**SOURCE INFORMATION**
....
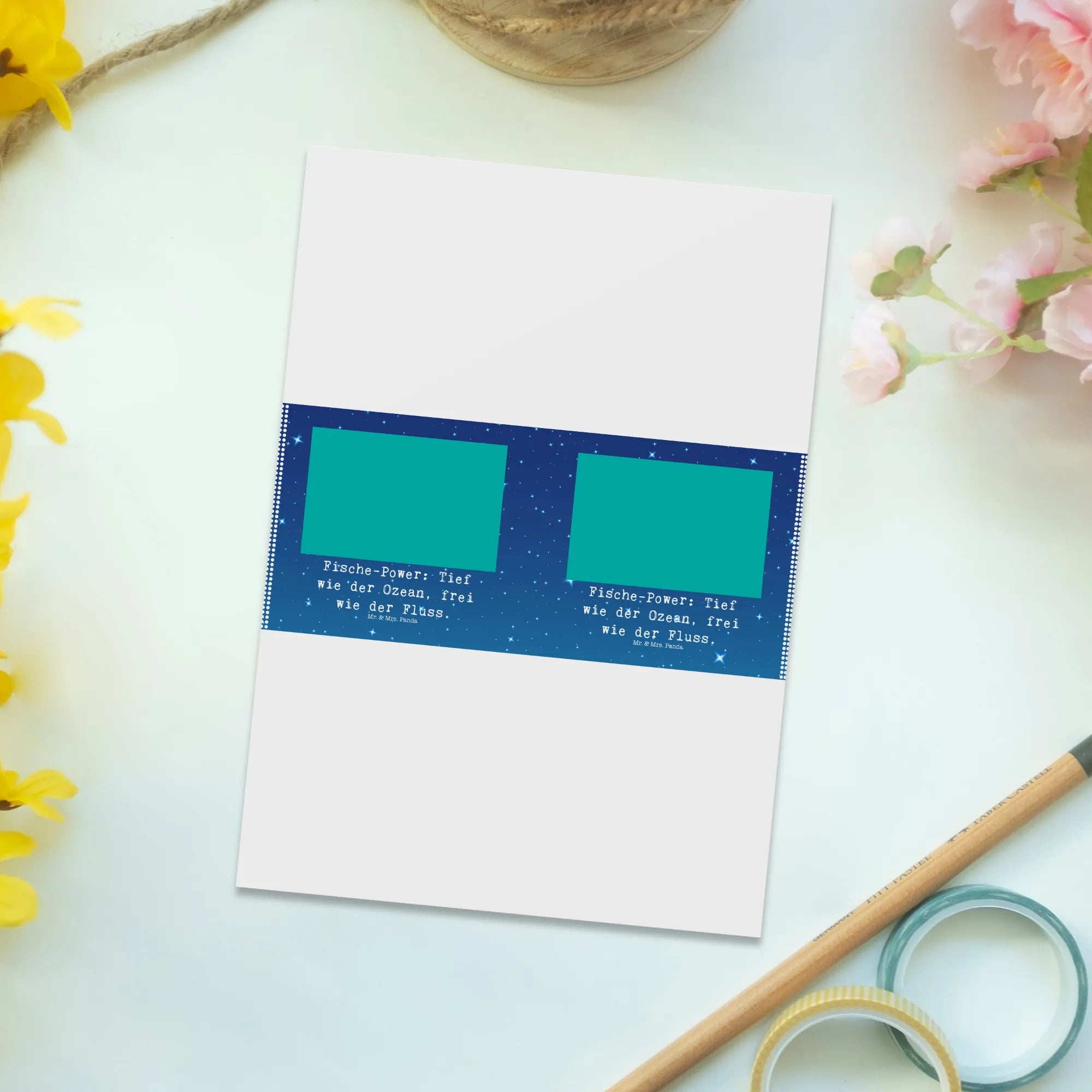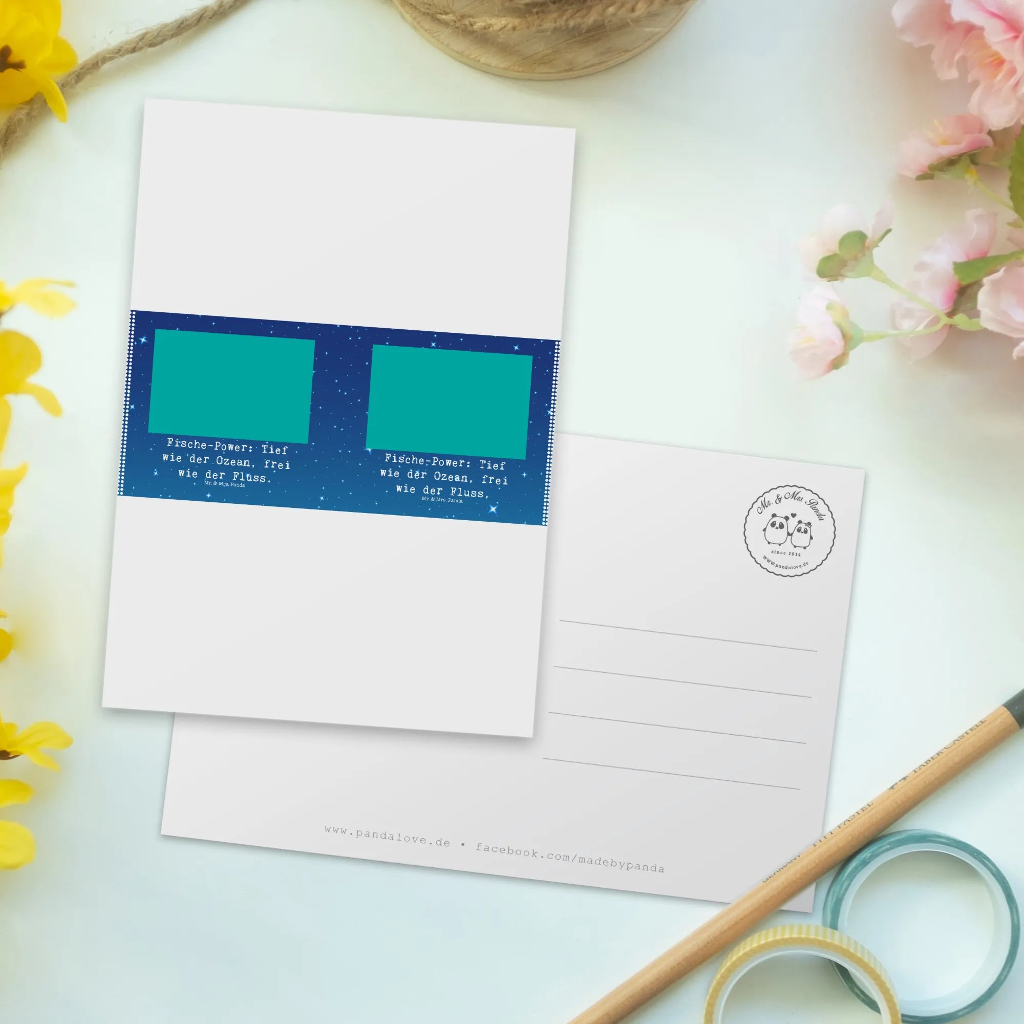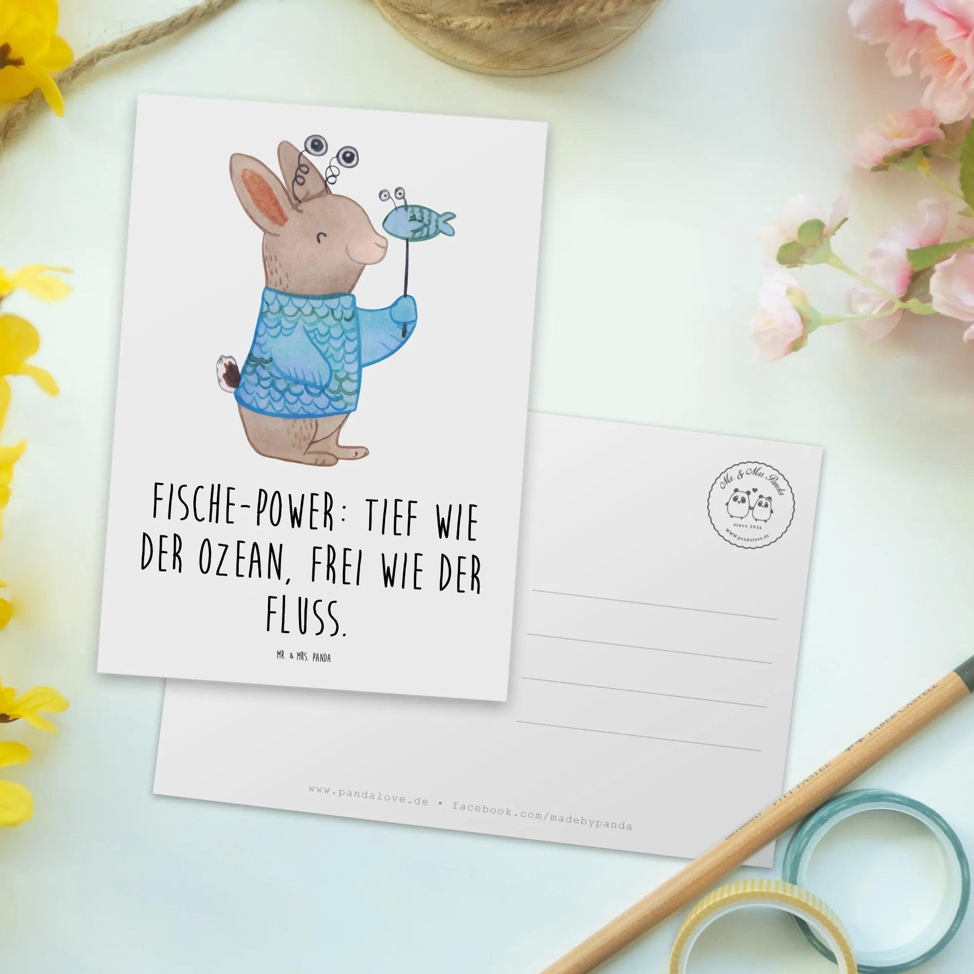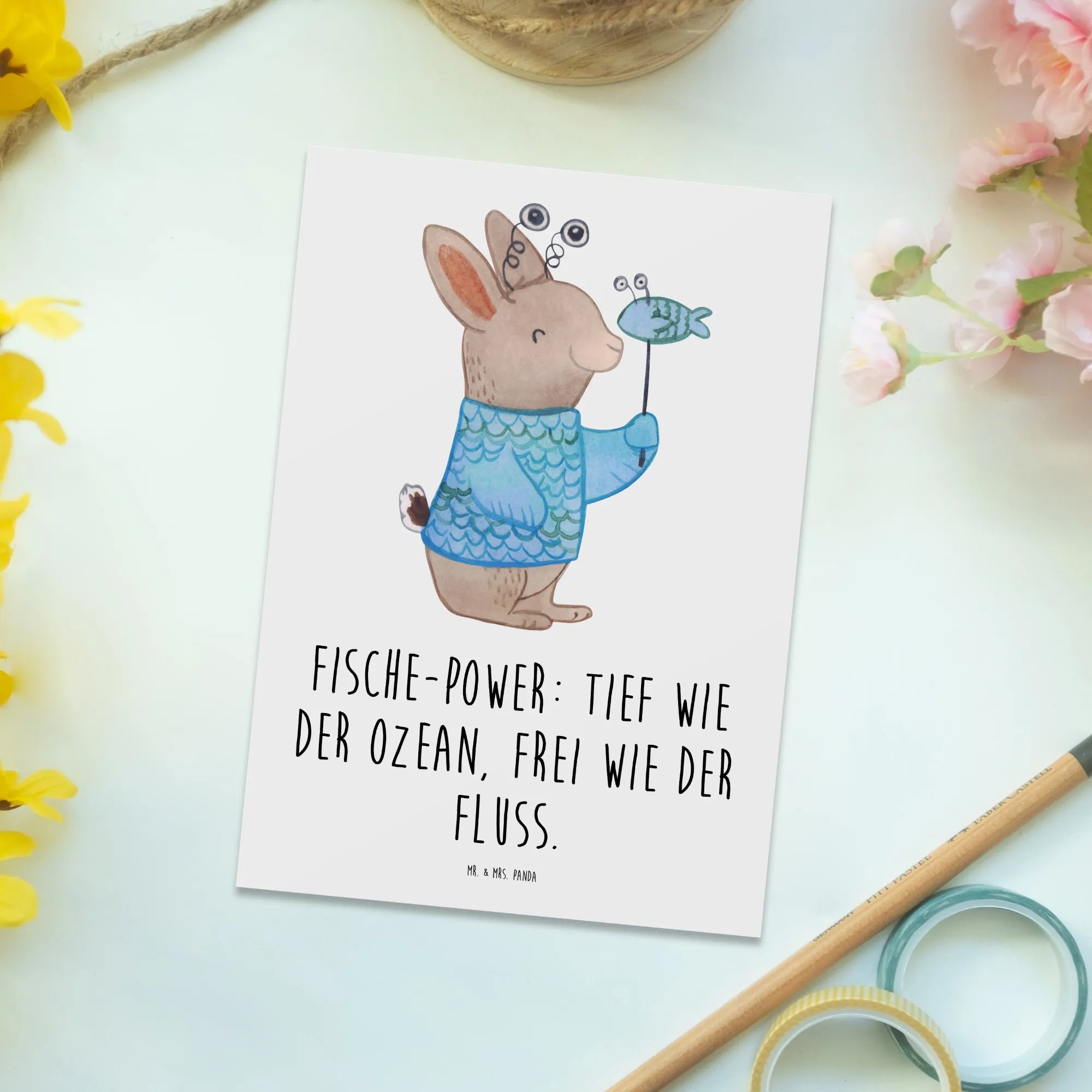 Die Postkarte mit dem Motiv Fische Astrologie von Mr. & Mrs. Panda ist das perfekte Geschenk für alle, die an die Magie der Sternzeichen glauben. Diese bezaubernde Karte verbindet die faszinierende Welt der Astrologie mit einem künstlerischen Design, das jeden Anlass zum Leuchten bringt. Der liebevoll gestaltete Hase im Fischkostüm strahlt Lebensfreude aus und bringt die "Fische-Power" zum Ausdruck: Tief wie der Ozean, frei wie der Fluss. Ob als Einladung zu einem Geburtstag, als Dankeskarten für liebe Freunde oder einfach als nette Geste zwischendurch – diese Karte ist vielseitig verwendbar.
....
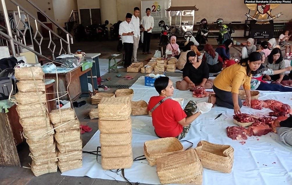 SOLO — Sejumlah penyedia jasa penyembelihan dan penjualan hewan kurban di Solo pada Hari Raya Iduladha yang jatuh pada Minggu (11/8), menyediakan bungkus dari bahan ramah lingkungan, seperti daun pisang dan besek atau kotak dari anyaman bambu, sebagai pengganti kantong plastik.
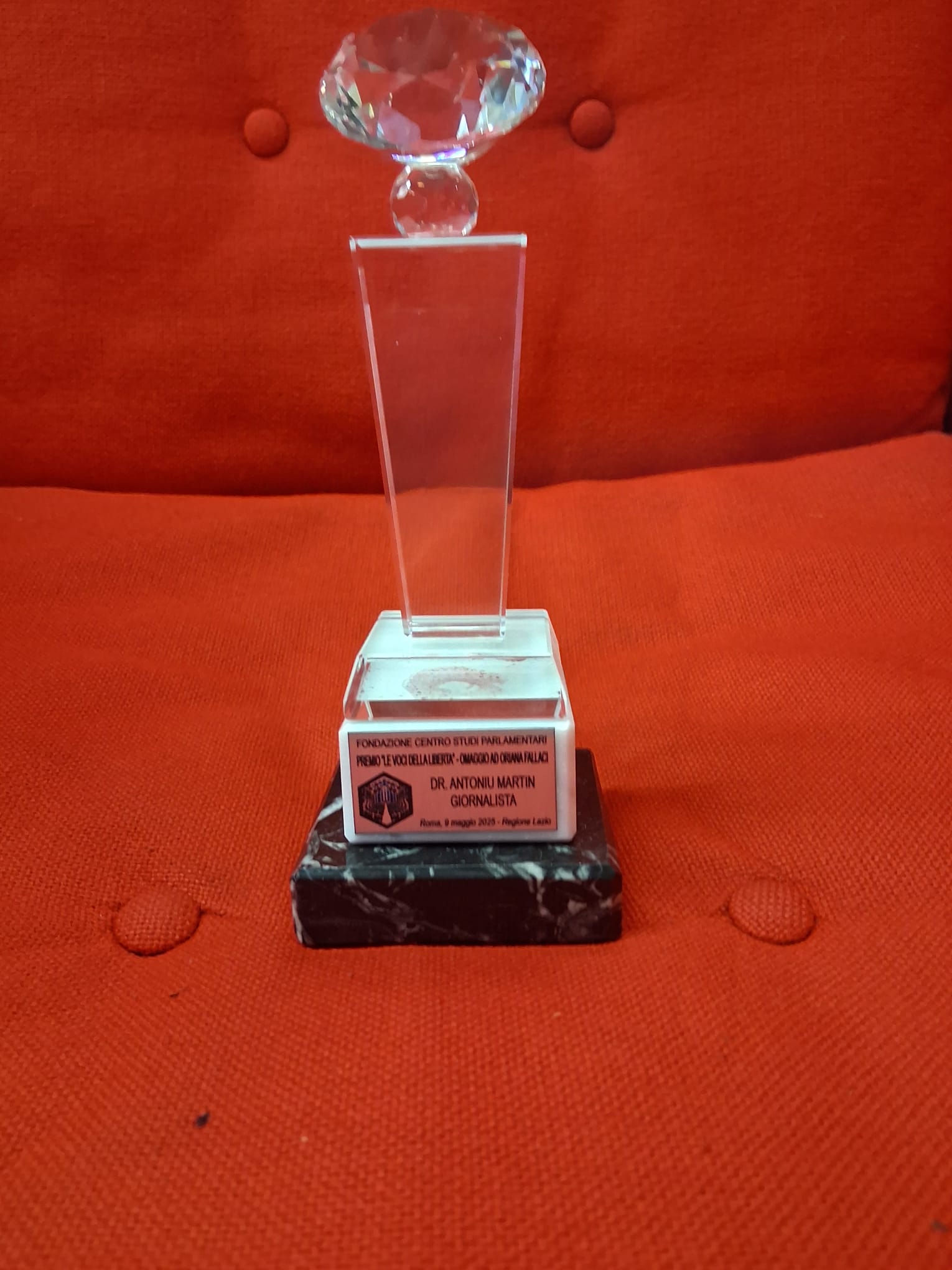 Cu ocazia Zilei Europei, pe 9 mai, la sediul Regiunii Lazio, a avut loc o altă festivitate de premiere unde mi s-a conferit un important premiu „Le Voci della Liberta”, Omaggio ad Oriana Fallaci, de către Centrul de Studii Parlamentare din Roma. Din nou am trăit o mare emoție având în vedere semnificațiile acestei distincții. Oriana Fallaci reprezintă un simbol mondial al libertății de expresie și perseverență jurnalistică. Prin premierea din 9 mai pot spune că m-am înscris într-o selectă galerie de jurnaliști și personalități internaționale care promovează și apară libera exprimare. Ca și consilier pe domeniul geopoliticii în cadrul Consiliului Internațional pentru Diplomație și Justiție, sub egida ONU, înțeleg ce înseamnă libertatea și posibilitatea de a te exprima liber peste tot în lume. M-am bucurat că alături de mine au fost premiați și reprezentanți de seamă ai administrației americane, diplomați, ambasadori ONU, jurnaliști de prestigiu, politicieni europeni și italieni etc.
....
**TASK DETAILS**
Set down, exactly as written above, each line from the one with "SOLO — Sejumlah" through the one with "Cu ocazia Zilei", and skip the pictures.

**ANSWER**
 SOLO — Sejumlah penyedia jasa penyembelihan dan penjualan hewan kurban di Solo pada Hari Raya Iduladha yang jatuh pada Minggu (11/8), menyediakan bungkus dari bahan ramah lingkungan, seperti daun pisang dan besek atau kotak dari anyaman bambu, sebagai pengganti kantong plastik.
 Cu ocazia Zilei Europei, pe 9 mai, la sediul Regiunii Lazio, a avut loc o altă festivitate de premiere unde mi s-a conferit un important premiu „Le Voci della Liberta”, Omaggio ad Oriana Fallaci, de către Centrul de Studii Parlamentare din Roma. Din nou am trăit o mare emoție având în vedere semnificațiile acestei distincții. Oriana Fallaci reprezintă un simbol mondial al libertății de expresie și perseverență jurnalistică. Prin premierea din 9 mai pot spune că m-am înscris într-o selectă galerie de jurnaliști și personalități internaționale care promovează și apară libera exprimare. Ca și consilier pe domeniul geopoliticii în cadrul Consiliului Internațional pentru Diplomație și Justiție, sub egida ONU, înțeleg ce înseamnă libertatea și posibilitatea de a te exprima liber peste tot în lume. M-am bucurat că alături de mine au fost premiați și reprezentanți de seamă ai administrației americane, diplomați, ambasadori ONU, jurnaliști de prestigiu, politicieni europeni și italieni etc.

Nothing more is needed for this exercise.